In Steven Pinker’s book Better Angels of Our Nature, he notes that
Probability is a matter of perspective. Viewed at sufficiently close
range, individual events have determinate causes. Even a coin flip can
be predicted from the starting conditions and the laws of physics, and
a skilled magician can exploit those laws to throw heads every time.
Yet when we zoom out to take a wide-angle view of a large number of
these events, we are seeing the sum of a vast number of causes that
sometimes cancel each other out and sometimes align in the same
direction. The physicist and philosopher Henri Poincare explained
that we see the operation of chance in a deterministic world either
when a large number of puny causes add up to a formidable effect, or
when a small cause that escapes our notice determines a large effect
that we cannot miss. In the case of organized violence, someone may
want to start a war; he waits for the opportune moment, which may or
may not come; his enemy decides to engage or retreat; bullets fly;
bombs burst; people die.
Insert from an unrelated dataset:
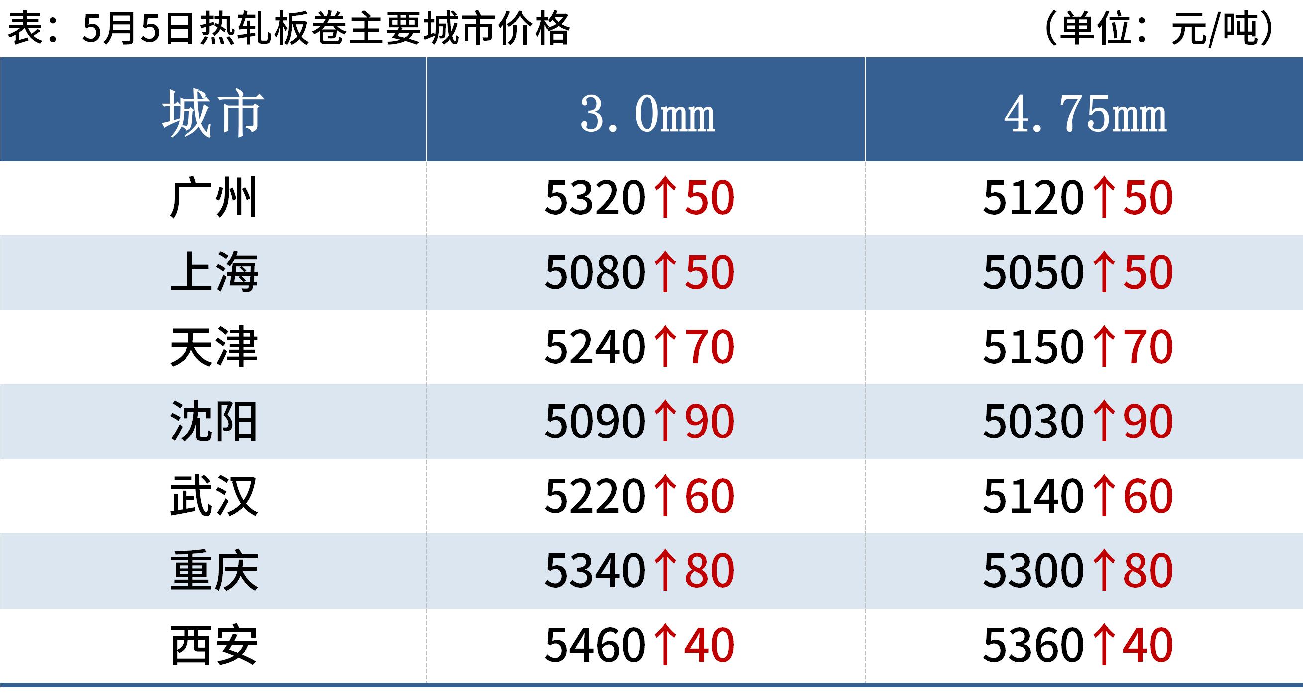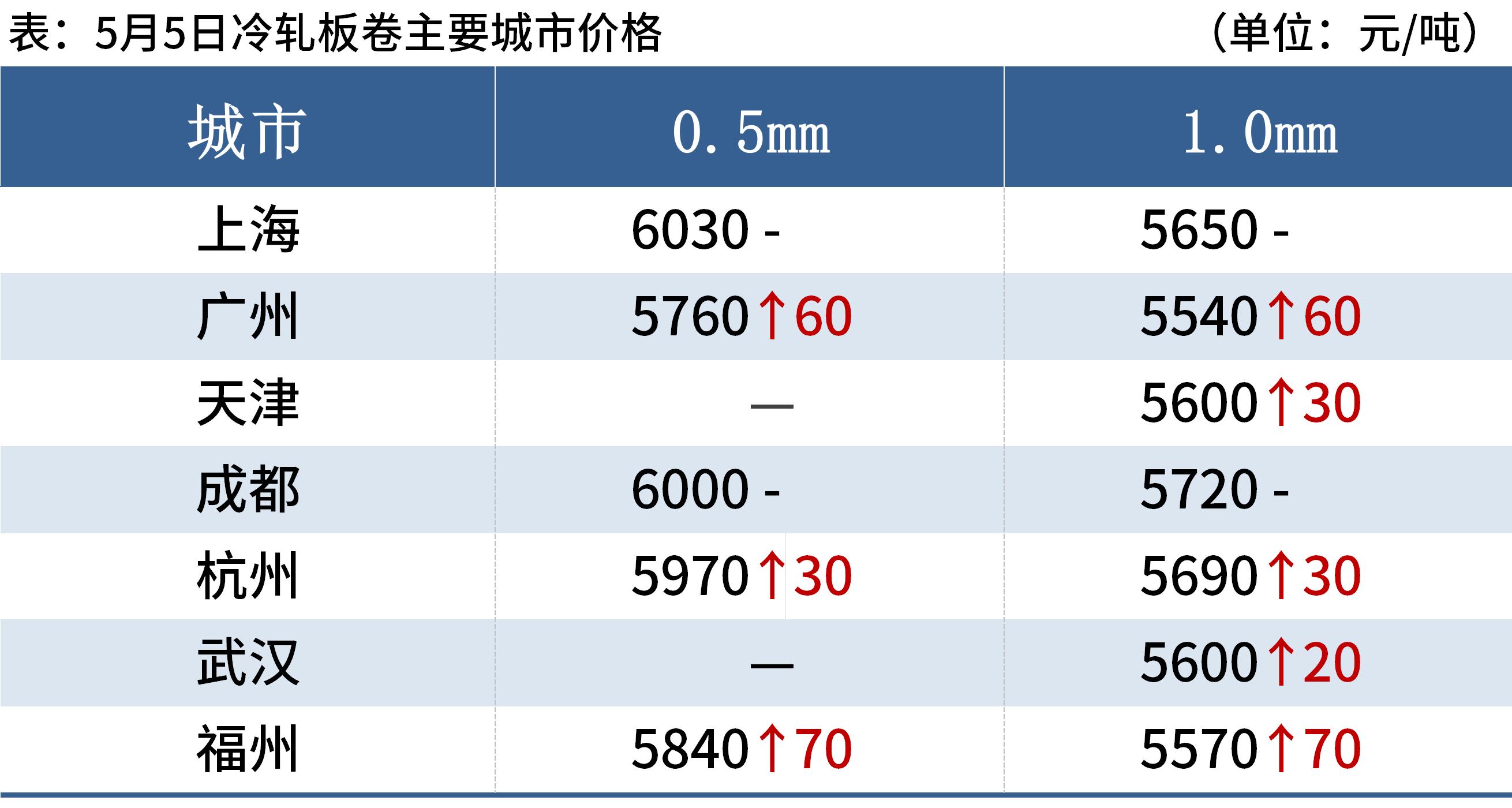 冷軋板卷:5月5日,全國24個主要城市1.0mm冷卷均價5676元/噸,較上個交易日上漲18元/噸。據(jù)部分貿(mào)易商反饋,假期過后市場上存在部分補(bǔ)庫現(xiàn)象,現(xiàn)貨市場交投氛圍較為活躍,再加上期貨盤面整體偏強(qiáng)運(yùn)行,今日整體成交表現(xiàn)較好。鋼廠方面,據(jù)悉,部分鋼廠預(yù)計本月檢修,計劃檢修時間6-10天。庫存方面,據(jù)Mysteel不完全統(tǒng)計,現(xiàn)冷軋鋼廠庫存44.13萬噸,周環(huán)比增加0.53萬噸,社會庫存139.41萬噸,周環(huán)比增加4.36萬噸,周消費(fèi)量83.31萬噸,環(huán)比減少1.33萬噸。綜合來看,故預(yù)計6日國內(nèi)冷軋板卷價格或?qū)⒄鹗庍\(yùn)行。

Every event may be determined by the laws of
neuroscience and physics and physiology. But in the aggregate, the
many causes that go into this matrix can sometimes be shuffled into
extreme combinations. (p. 209)
I am particularly interested in the bolded sentence, but I give the rest for context. My question: are there statistical ways of describing the two processes that Poincare described? Here are my guesses:
1) “A large number of puny causes add up to a formidable effect.” The “large number of causes” and “add up” sound to me like the central limit theorem. But in (the classical definition of) the CLT, the causes need to be random variables, not deterministic effects. Is the standard method here to approximate these deterministic effects as some sort of random variable?
2) “A small cause that escapes our notice determines a large effect that we cannot miss.” It seems to me like you could think of this as some sort of hidden Markov model. But the (unobservable) state transition probabilities in an HMM are just that, probabilities, which is by definition once again not deterministic.
Interesting thought (+1).
In cases 1) and 2), the problem is the same: we do not have complete information. And probability is a measure of the lack of information.
1) The puny causes may be purely deterministic, but which particular causes operate is impossible to know by a deterministic process. Think of molecules in a gaz. The laws of mechanics apply, so what is random here? The information hidden to us: where is which molecule with what speed. So the CLT applies, not because there is randomness in the system, but because there is randomness in our representation of the system.
2) There is a time component in HMM that is not necessarily present in this case. My interpretation is the same as before, the system may be non random, but our access to its state has some randomness.
EDIT: I don’t know if Poincare was thinking of a different statistical approach for these two cases. In case 1) we know the varialbes, but we cannot measure them because there are too many and they are too small. In case 2) we don’t know the variables. Both ways, you end up making assumptions and modeling the observable the best we can, and quite often we assume Normality in case 2).
But still, if there was one difference, I think it would be emergence. If all systems were determined by sums of puny causes then all random variables of the physical world would be Gaussian. Clearly, this is not the case. Why? Because scale matters. Why? Because new properties emerge from interactions at smaller scale, and these new properties need not be Gaussian. Actually, we have no statistical theory for emergence (as far as I know) but maybe one day we will. Then it will be justified to have different statistical approaches for cases 1) and 2)